In a sermon last month, delivered over a conference call and on Facebook, Perl noted the Biblical roots of Passover: the Israelites’ freedom from bondage.
“The night before we left Egypt, we were actually quarantined in order to protect ourselves from the 10th plague” — the slaying of the Egyptians’ first born — “we all had to be home and there was a focus on the home, on the family,” said Perl, speaking in the first person to follow the tradition that Jews recount the Passover story as if experiencing it personally.
There is also more local demand for kosher-for-Passover food — observant Jews don’t eat any food or beverage with grains that have risen or are fermented, including bread, pasta, liquor and beer — according to Timothy D. Lytton, a distinguished university professor at Georgia State University College of Law who studies kosher food.
He noted that Jews who usually travel for the eight-day Passover holiday — to forego the considerable work to prepare an observant home for the holiday — can’t do so this year because of coronavirus-related cancellations. Rabbis have prohibited out-of-town traveling or guests.
“All those people are staying in town now, so all of the people who would otherwise have gone away are now competing for the same limited stock for Passover supplies in the local supermarkets,” he said.
Perl said he purchased lots of matzo to distribute in anticipation of attenuated effects of the crisis. Just before an interview with Newsday, Perl said, he fielded a call from a woman who asked him for help acquiring matzo and other food for the holiday, and “I’m going to take care of it.”
In Great Neck, Sherman, a banker, held a dress rehearsal of sorts on Sunday to sort out the logistics of the virtual seder.
“It’s a tradition that works best with the largest number of your loved ones,” he said.
His partner, Myra Maultasch, who worked in marketing before retiring, said the holiday is one of her favorites.
“You tell the story, you share stories, you share memories,” she said.
Sherman's son Mike, in Ohio, a major in the Air Force, took the lead on the technology, including helping his 92-year-old grandmother prepare to use the video chat app.
“He’s also responsible for training grandma, so she can figure out how to get on Zoom,” Myra said.

Michael Soshnick of Roslyn Heights usually attends a feast with up to 40 people.
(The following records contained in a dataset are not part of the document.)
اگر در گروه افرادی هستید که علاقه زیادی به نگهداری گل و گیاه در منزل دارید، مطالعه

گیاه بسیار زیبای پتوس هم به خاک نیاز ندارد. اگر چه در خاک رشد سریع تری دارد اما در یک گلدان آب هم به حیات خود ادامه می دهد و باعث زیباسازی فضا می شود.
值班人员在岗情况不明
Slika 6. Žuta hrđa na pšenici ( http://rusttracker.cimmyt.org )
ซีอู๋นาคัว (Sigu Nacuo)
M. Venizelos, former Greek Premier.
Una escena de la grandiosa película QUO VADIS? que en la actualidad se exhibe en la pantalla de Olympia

Credit: Danielle Silverman
But for Soshnick, a lawyer who is also an observant Jew, technology isn’t an option. He also said the message of Passover resonates especially today.
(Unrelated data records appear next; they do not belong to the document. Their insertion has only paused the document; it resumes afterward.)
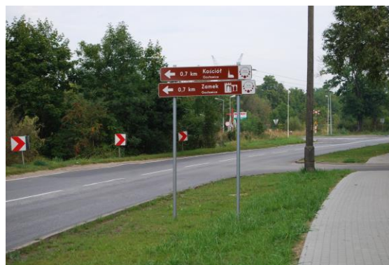
ul. Przemysłowa – Gosławice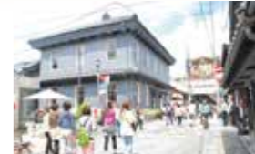
●从长滨港步行约15分钟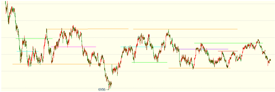
（棕榈油 05 合约 1h 图）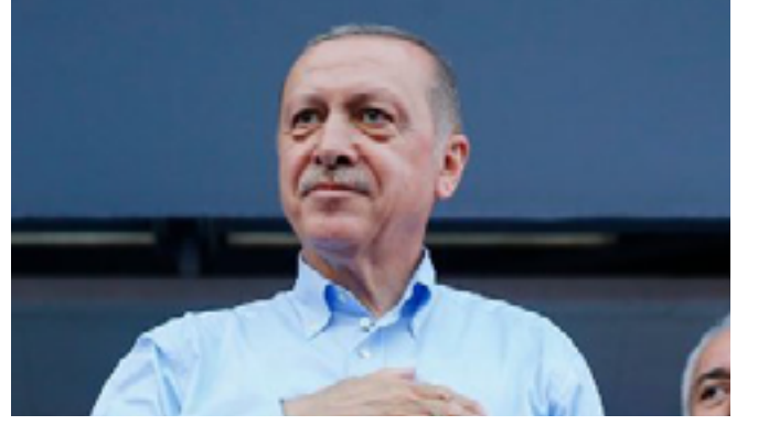
Cumhurbaşkanının iki şapkası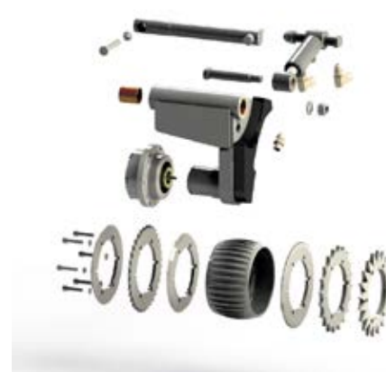
Komponenter i mät hjulet som mäter stammens längd.

“Right now we’re all to some extent imprisoned by this coronavirus," he said. "We’re not able to go where we want to go and do what we want to do, and we just don’t have the same freedom that we had a month ago.”
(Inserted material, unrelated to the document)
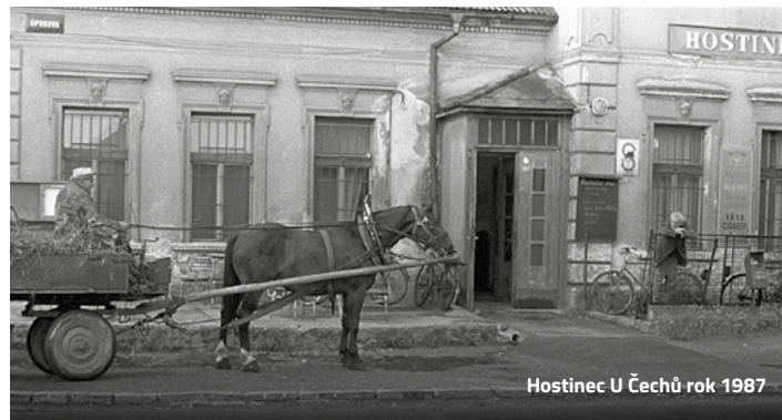
Hostinec U Čechů rok 1987

Hostinec Pod viaduktem – tato hospoda se otvírala ve všední dny v 9,00 a měla otevřeno do 18,00 hod. (sobota, neděle zavřeno) a už od rána tam přicházeli hlavně dělníci z různých okolních podniků na svačinu a později na obědy. Tato hospoda patřila Jednotě v Novém Bydžově a pracovali tam v letech 1973 až 1978 manželé Miloslav a Žofie Trávníčkoví ke spokojenosti všech hostů, kteří tam pravidelně chodili. Hospoda měla stoly a židle ve staročeském stylu a hosté se tu velice dobře cítili. Už před 9. hodinou tam každý den stála fronta hladových a žiznivých pravidelných hostů. Výborně se tam vařilo a každý den kuchařka paní Žofie Trávníčková vařila kolem 150 obědů. Nejvíce na odbyt šla vždy dršťková a gulášová polévka a další tradiční česká oblíbená jídla, která se již v dnešních nových a moderních restauracích už tolik nevidí. V dopoledních hodinách zde bylo neustále plno a většinou si nebylo v tomto čase ani kam sednout. Pořádaly se zde i různé akce, jako např. svatby, vepřové hody, podnikové večírky atd. Tuto hospůdku si také v té době velice oblíbili i lékaři a sestřičky z fakultní nemocnice, kteří zde pořádali setkání a vždy se tam po několik let náramně bavili a velice rádi vždy po roce se sem vraceli. Chodili se tam také bavit zaměstnanci hradeckého DEPA a právě v roce 1978 dostali manželé Trávníčkoví lákavou nabídku od vedení tohoto podniku, jestli by nešli pracovat do Janských Lázní na je-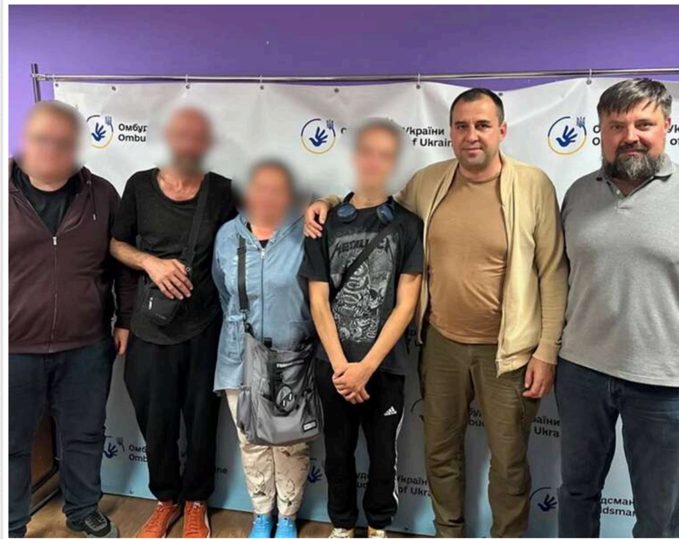
Перевірка ТЦК у Миколаєві: Лубінець заявив про системні порушення та звільнення шістьох утримуваних

Представники Уповноваженого Верховної Ради з прав людини здійснили перевірку в Миколаївському обласному ТЦК та СП після звернення родичів мобілізованого чоловіка, який майже три тижні не виходив на зв'язок.

And who will ask the seder’s Four Questions, traditionally recited by the youngest in attendance, beginning with “Why is this night different from all other nights?”
At the Sherman seder, the duty will fall to Mike’s 5-year-old son, Bernie.
The person asking at Soshnick’s is unlikely to be a kid.
“I may have to,” the 66-year-old said, “but I may answer them as the leader of the seder.”